In a grand event at its headquarters in San Diego, Qualcomm’s executives recalled how the seeds of 5G were sown decades ago and claimed the future of 5G will ride on its technologies. The speakers, including CTO Jim Thompson and the company’s R&D and product heads, time-traveled us back to the 1990s when EV-DO first introduced the basic concepts of wireless Internet, to LTE which brought techniques such as OFDMA used in 5G today, and concepts such as direct device-to-device that will fuel the future of 5G.
In the times when we are busy with immediacy, this was a refreshing perspective, realizing where we started, how far we have come, and how much more we have to go. Personally, I came out feeling very confident about the future of wireless technology in general, and 5G evolution in particular.
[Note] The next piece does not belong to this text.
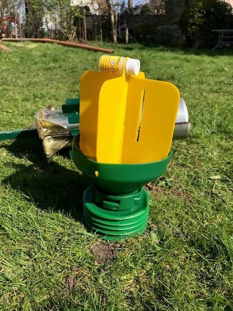 Traps should be set 10-15 cm into the turf to firmly fix the traps use a retention stick and cable tie if required. The yellow fins and attractant encourage adult chafer looking for mates or suitable egg laying areas in to the traps. Unpack the lures remove the red seal cap, pull the fins to one side and slip lure bottle through hole in fins and fix with diffuser cap. The trap is now ready for use.

EV-DO was the first real mobile wireless broadband solution. Although other technologies such as GPRS existed, EV-DO, for the first time, introduced the concept of an All-IP data channel optimized for the extreme conditions of wireless. Features such as hybrid ARQ (HARQ), turbo coding, adaptive modulation, and opportunistic scheduling introduced during those times were used for 3G, 4G, and are a basic staple for 5G and beyond. Techniques such as carrier aggregation, VoIP over wireless and many others are also still being used and will continue to be used. OFDM/A that revolutionized mobile broadband with 4G LTE is the choice of waveform and access technology for 5G and its evolutions. The technologies behind C-V2X, and Slide-link, usage of unlicensed/shared spectrum, and many more that are part of the future of 5G, all came from cellular evolution. All of these are Qualcomm’s innovations.
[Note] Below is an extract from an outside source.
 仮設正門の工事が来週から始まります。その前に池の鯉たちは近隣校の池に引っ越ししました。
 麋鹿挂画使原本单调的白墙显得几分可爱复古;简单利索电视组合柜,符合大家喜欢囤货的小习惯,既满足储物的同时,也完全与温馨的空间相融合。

The technologies that built 5G
While 5G has become almost a household term, the challenges of 5G and the innovations that solved them are still not very well known. And they look like “ wizardry” as The Wall Street Journal put it. Years back when 5G was being mulled over, many experts knew about the limitations of 4G, and the extreme needs of the next-generation wireless technology. But the challenge was not only developing a platform that addressed the current needs but also making it future proof.
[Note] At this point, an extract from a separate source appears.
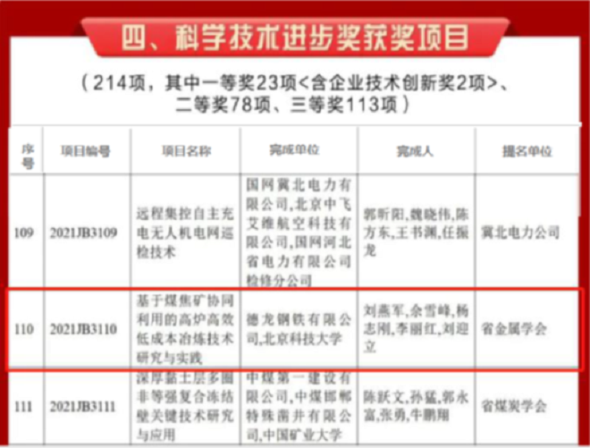 經2021年度河北省自然科學獎、技術發明獎、科學技術進步獎總評,共推薦建議授獎項目253項。其中:省自然科學獎21項,其中一等獎3項、二等獎7項、三等獎11項;省技術發明獎18項,其中一等獎3項、二等獎6項、三等獎9項;科學技術進步獎214項,其中一等獎23項、二等獎78項、三等獎113項。其中,由德龍鋼鐵有限公司,北京科技大學共同完成的《基于煤焦礦協同利用的高爐高效低成本冶煉技術研究與實踐》項目,獲得河北省科學技術進步獎三等獎,該項目完成人為德龍鋼鐵劉燕軍、北京科技大學佘雪峰等人。

In my view, developing a unified, flexible design based on scalable OFDMA and slot-based framework is one of the key contributions of Qualcomm to 5G. When I heard about it from engineers for the first time, it sounded almost utopian — “everything for everyone!” But kudos to the Qualcomm experts, it was standardized and commercialized in record time (remember 5G acceleration?). The framework is so flexible and scalable that any application that can be imagined now and in the foreseeable future can be supported with it.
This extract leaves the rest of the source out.